AIM OF THE EXERCISE: Print only the lines below from the one with "12月13日晚,华灯初上。灯" to the one with "44.По дороге в", both included, exactly as they stand. Leave pictures out.

SUPPLIED RECORDS:

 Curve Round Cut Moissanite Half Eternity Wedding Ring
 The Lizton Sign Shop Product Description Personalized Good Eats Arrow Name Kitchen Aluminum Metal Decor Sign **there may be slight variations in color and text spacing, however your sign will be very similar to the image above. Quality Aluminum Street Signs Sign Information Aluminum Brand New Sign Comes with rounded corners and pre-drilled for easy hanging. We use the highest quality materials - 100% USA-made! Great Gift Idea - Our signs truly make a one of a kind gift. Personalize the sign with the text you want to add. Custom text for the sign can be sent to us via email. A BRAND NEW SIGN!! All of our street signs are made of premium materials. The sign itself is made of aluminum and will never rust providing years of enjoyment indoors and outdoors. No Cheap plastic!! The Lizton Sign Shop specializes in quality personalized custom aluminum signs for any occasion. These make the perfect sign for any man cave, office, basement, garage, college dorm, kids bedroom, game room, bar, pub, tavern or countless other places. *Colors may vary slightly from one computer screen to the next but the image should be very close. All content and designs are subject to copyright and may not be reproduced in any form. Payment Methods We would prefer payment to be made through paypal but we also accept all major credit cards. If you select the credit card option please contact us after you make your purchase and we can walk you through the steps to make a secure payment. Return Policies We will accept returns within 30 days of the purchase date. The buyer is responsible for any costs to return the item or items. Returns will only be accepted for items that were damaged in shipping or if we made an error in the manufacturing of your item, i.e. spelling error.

--

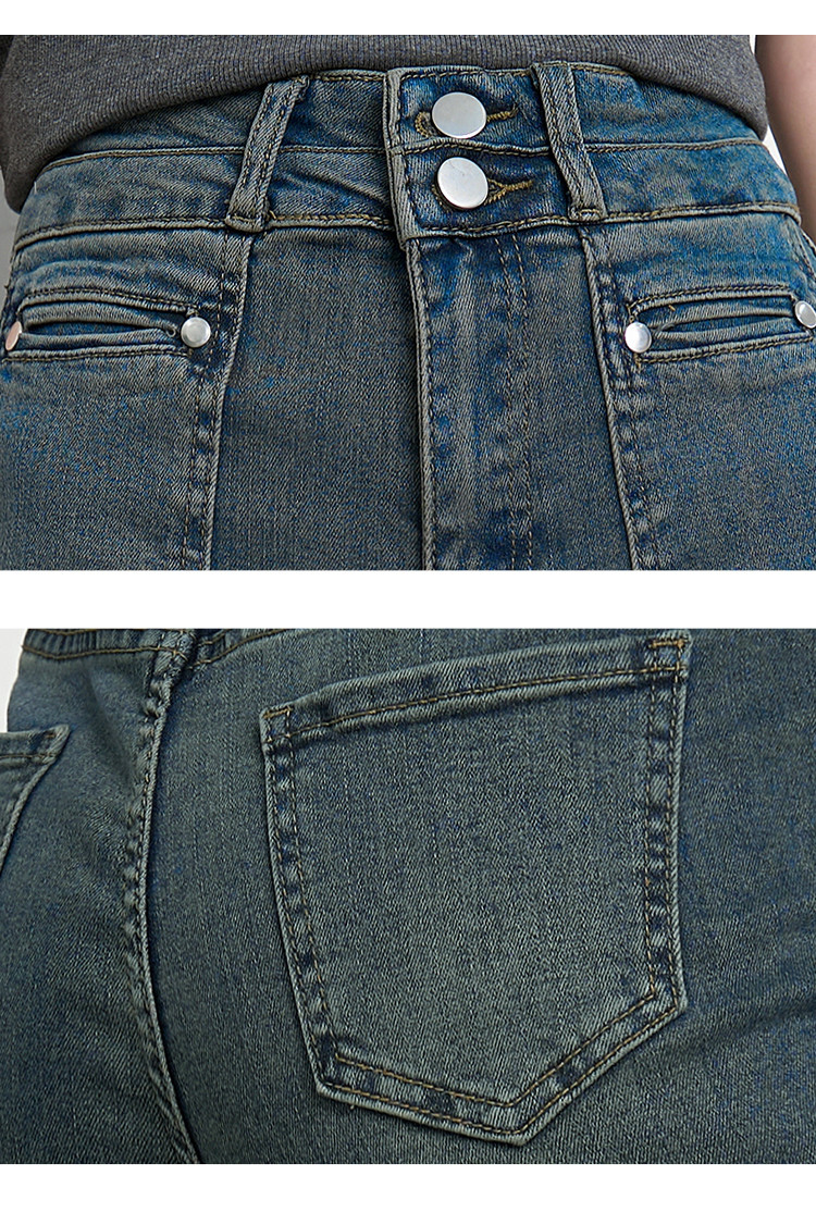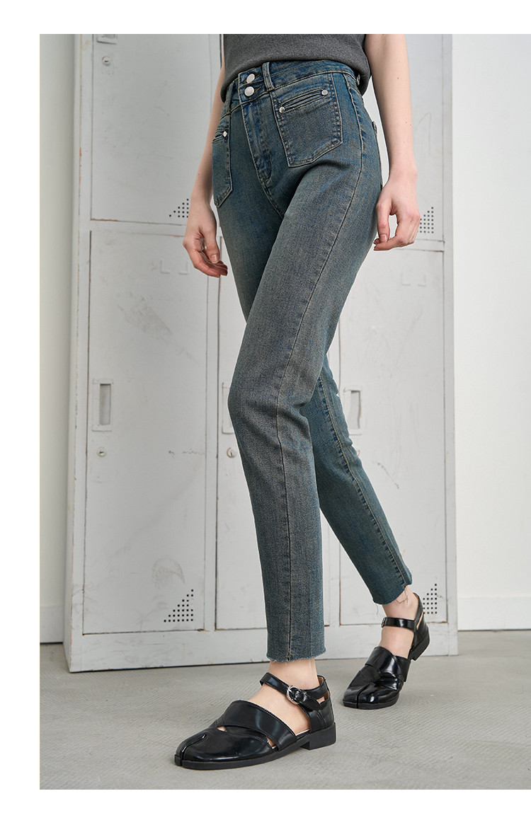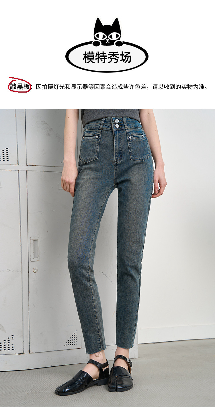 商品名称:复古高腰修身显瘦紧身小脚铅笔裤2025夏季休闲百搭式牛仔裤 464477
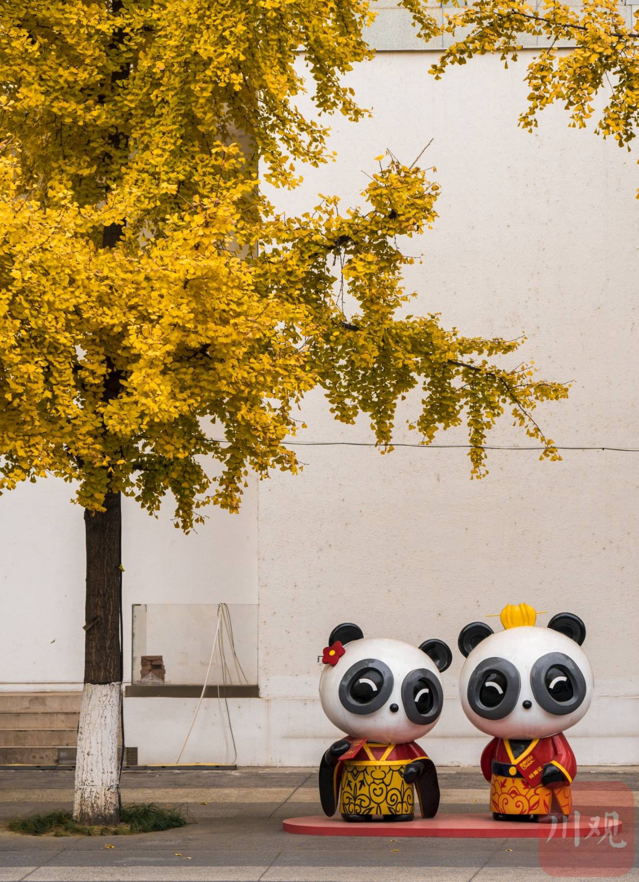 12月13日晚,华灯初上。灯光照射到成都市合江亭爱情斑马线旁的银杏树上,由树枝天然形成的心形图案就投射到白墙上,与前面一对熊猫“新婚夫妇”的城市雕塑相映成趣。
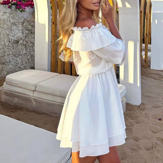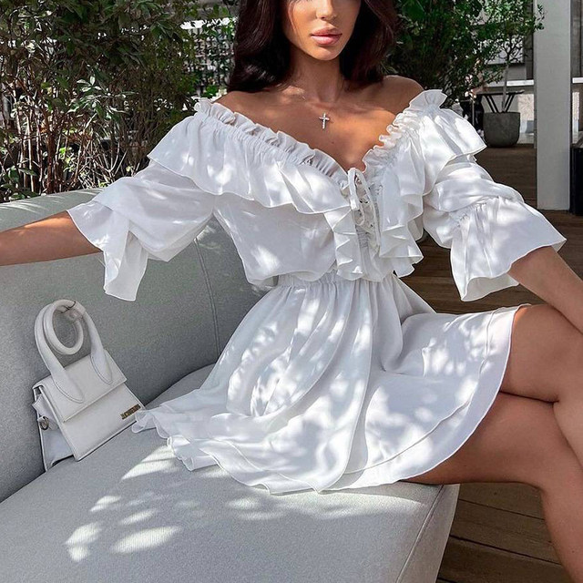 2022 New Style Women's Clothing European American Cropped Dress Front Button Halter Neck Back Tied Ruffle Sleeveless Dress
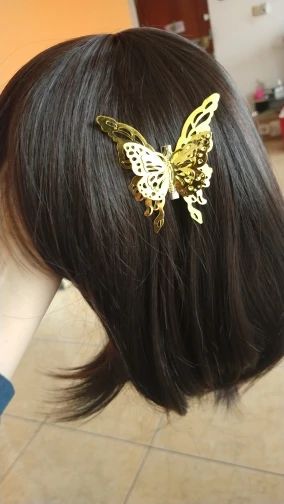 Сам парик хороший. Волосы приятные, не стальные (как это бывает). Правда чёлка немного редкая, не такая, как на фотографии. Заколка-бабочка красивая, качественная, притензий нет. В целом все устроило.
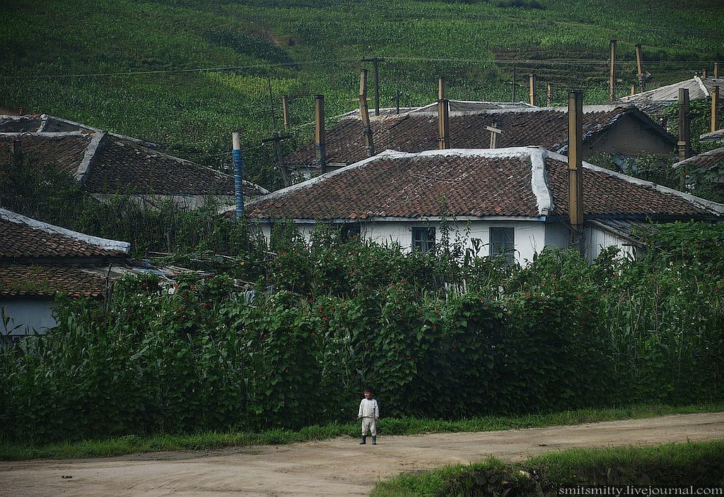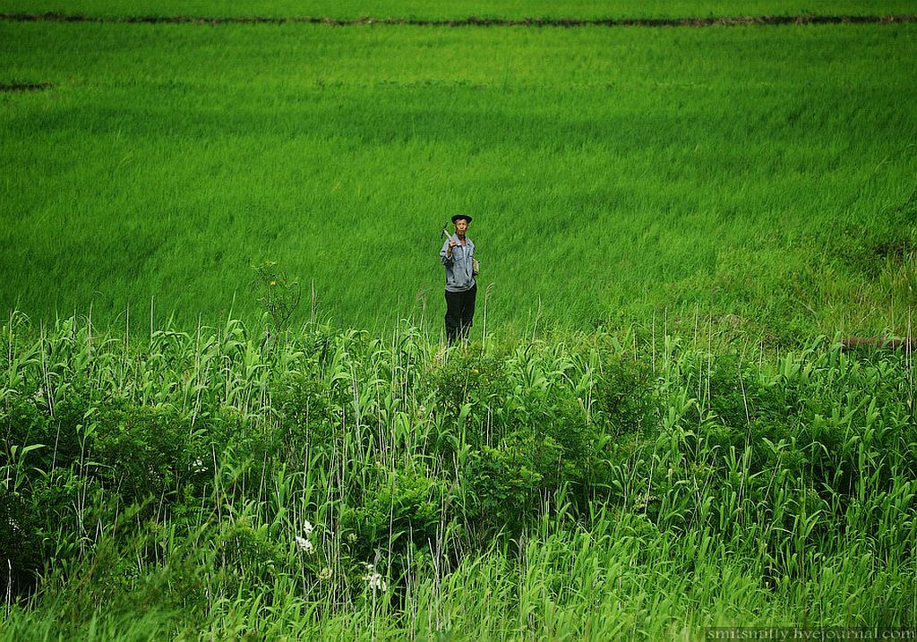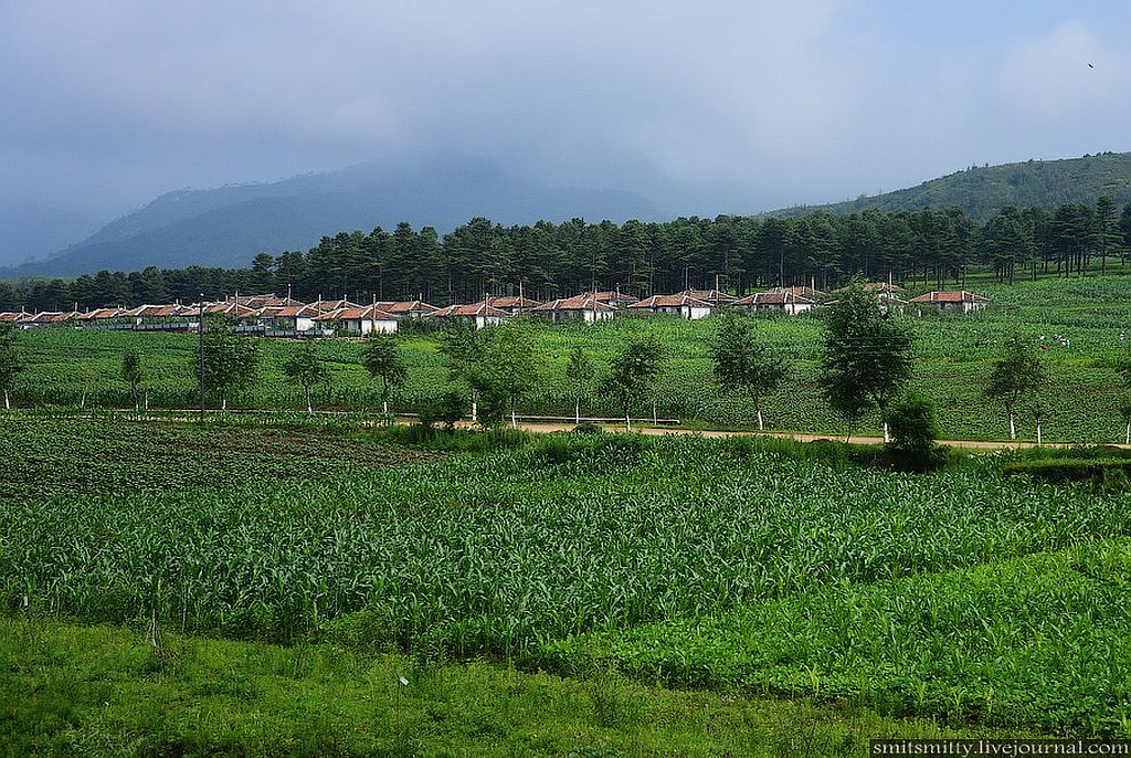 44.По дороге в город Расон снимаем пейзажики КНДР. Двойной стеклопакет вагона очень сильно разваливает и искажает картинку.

THE ANSWER:
 12月13日晚,华灯初上。灯光照射到成都市合江亭爱情斑马线旁的银杏树上,由树枝天然形成的心形图案就投射到白墙上,与前面一对熊猫“新婚夫妇”的城市雕塑相映成趣。
 2022 New Style Women's Clothing European American Cropped Dress Front Button Halter Neck Back Tied Ruffle Sleeveless Dress
 Сам парик хороший. Волосы приятные, не стальные (как это бывает). Правда чёлка немного редкая, не такая, как на фотографии. Заколка-бабочка красивая, качественная, притензий нет. В целом все устроило.
 44.По дороге в город Расон снимаем пейзажики КНДР. Двойной стеклопакет вагона очень сильно разваливает и искажает картинку.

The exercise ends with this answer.